By Conway Lynch
Contributing Writer

It all started the first week of classes – when I received that flimsy 3-by-5-inch piece of plastic. A piece of plastic that I filed forms for, paid an exorbitant $50 for and eventually waited in line for.

Right after receiving my parking decal, I thought to myself, “This is a nice upgrade.” I was naïve, charmed by the thin, minimalist design. I wondered why public safety bothered with the modernization. Perhaps it was less expensive to produce.

Returning to my car – fearing the parking police already had me in their sights – I tried picking off the old decal. It wouldn’t budge. I dug my fingernails into it. I pushed my debit card under the glue. Not even a barrage of sticker-related verbal insults worked. I needed something serious.

Aha! Buried under a pile of NOS-energy cans and stained syllabi, I found my ice scraper.

After five minutes of frantic scraping, I was left with a sticky smear.

Example of a failed sticker removal – Photo by Samantha Paine, The Keystone

I carefully peeled the wax paper away from my new decal, revealing four diagonal cuts in the plastic. “These better be on purpose,” I thought.

Seated in the passenger side, I started my approach, the sticker balanced on my fingertips. Holding my breath, I touched the corner to the glass. In an instant, the entire decal tore in half.

I bellowed expletives that are not appropriate for The Keystone nor any parking lot.

I became a sticker surgeon, determined not to waste another $50. Sweat dripped from my brow, and my hands trembled as I tried to reconstruct something resembling the former modern art masterpiece. Picasso came to mind.

I did everything I could. I would be riding with this sad, jagged patchwork for the rest of the year.

Broken, reeking of sweat and filled with anguish, I looked out past the adhesive smudged glass onto the horizon. Was I the only one who could not affix a parking pass?

The next morning, I wandered the KU parking lots, analyzing every windshield I passed, looking for damaged decals. People started to stare. The decal was pushing me to dissociation, but I was not alone. Nearly half the decals I saw were torn, and some drivers offered comments.

“So cheap. It’s horrible. It ripped in, like, four places,” said senior Mariel Cordero. “It’s a damn puzzle.”

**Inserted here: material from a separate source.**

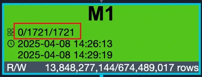 “M1”方框则表示这是本次MR流程的第一个实例任务阶段:Map阶段,可以看见一共有1721个MapTask实例,R/W表示该阶段读入和写出的总行数统计;
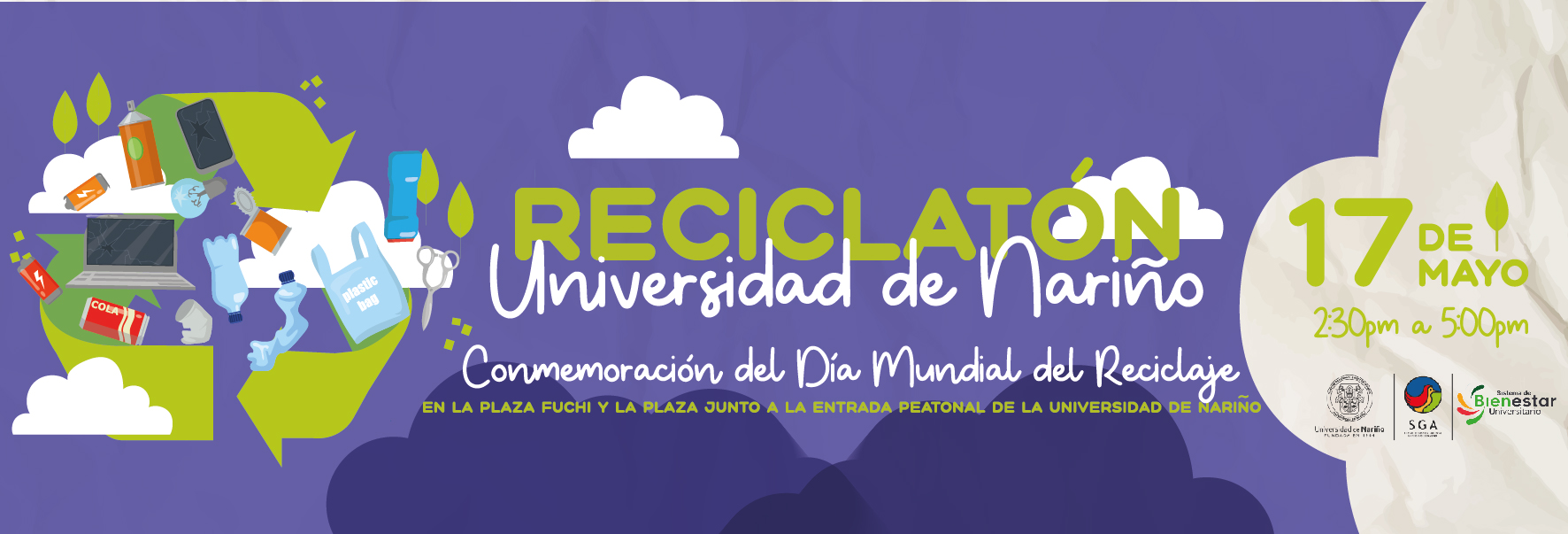 El Sistema de Bienestar Universitario y La Dirección de Planeación y Desarrollo desde el Sistema de Gestión Ambiental, tienen el honor de invitarlos a participar este 17, 20 y 21 de mayo, en La Gran Reciclatón por Pasto.

“Looks like s–t in my window because I tried to put it back together,” said senior Racheal Pietropolo.

“Whoever designed this thing needs to be terminated and never allowed to design anything ever again,” said senior Tyler Nicholas.

Mangled end result of sticker application – Photo by Conway Lynch, The Keystone

And, if you are wondering, I did contact KU Public Safety Associate Director Anne Reel, who said, “We changed to a material that would not allow for the unauthorized transfer of the permit [to a different vehicle.]”

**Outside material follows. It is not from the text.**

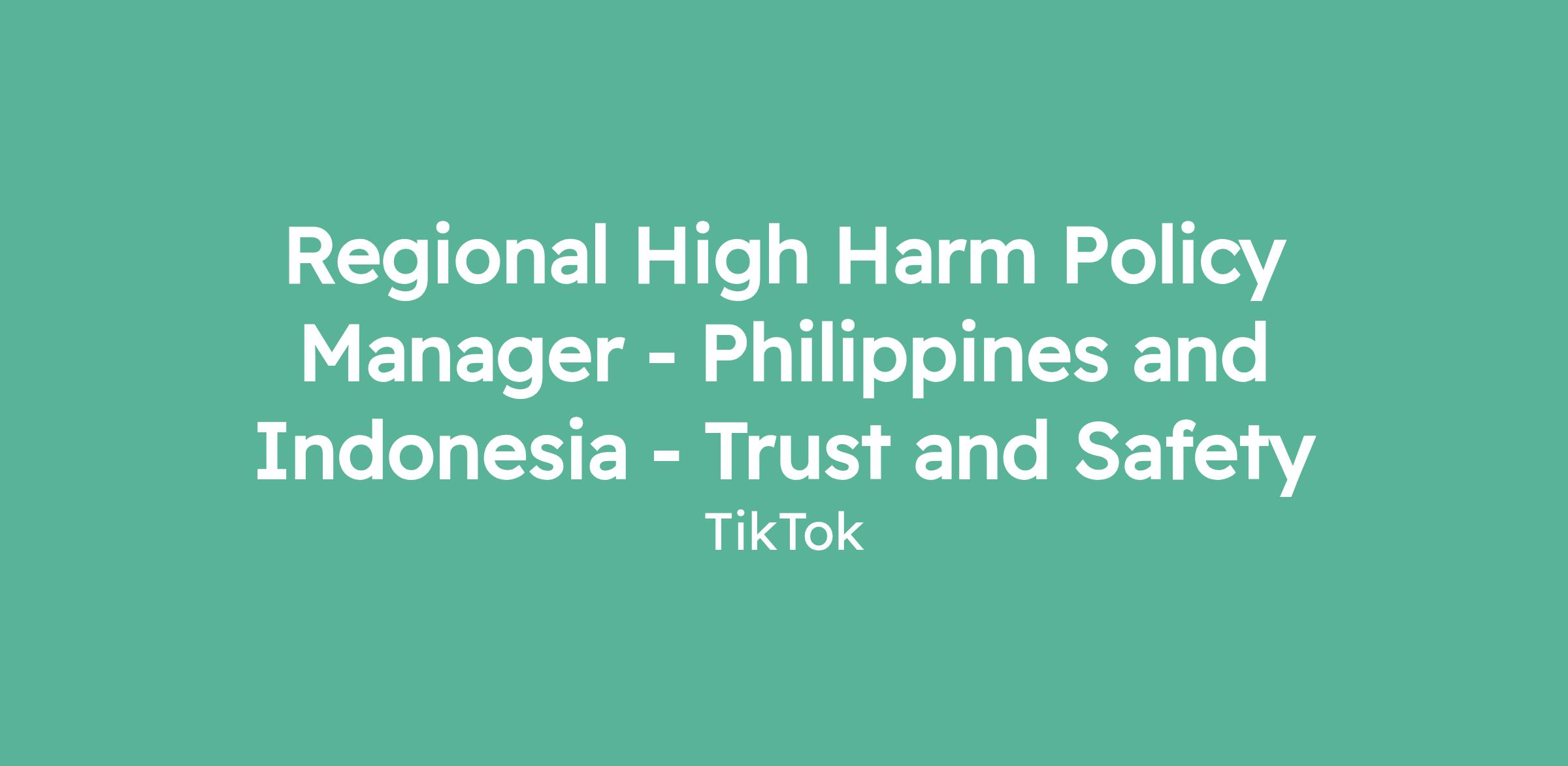 Regional High Harm Policy Manager - Philippines and Indonesia - Trust and Safety

The change certainly solves this issue considering it is nearly impossible to apply it the first time let alone subsequent applications.

It is a travesty that students are expected to pay $50 for a piece of sticky, plastic garbage. These parking passes are meant to be simple. Something we pay for to avoid a hassle, but they are nothing but a hassle. There are three clear responses KU can take from here: 1) refund all monies involved, 2) replace the parking passes or 3) set up a support group on campus for those of us affected.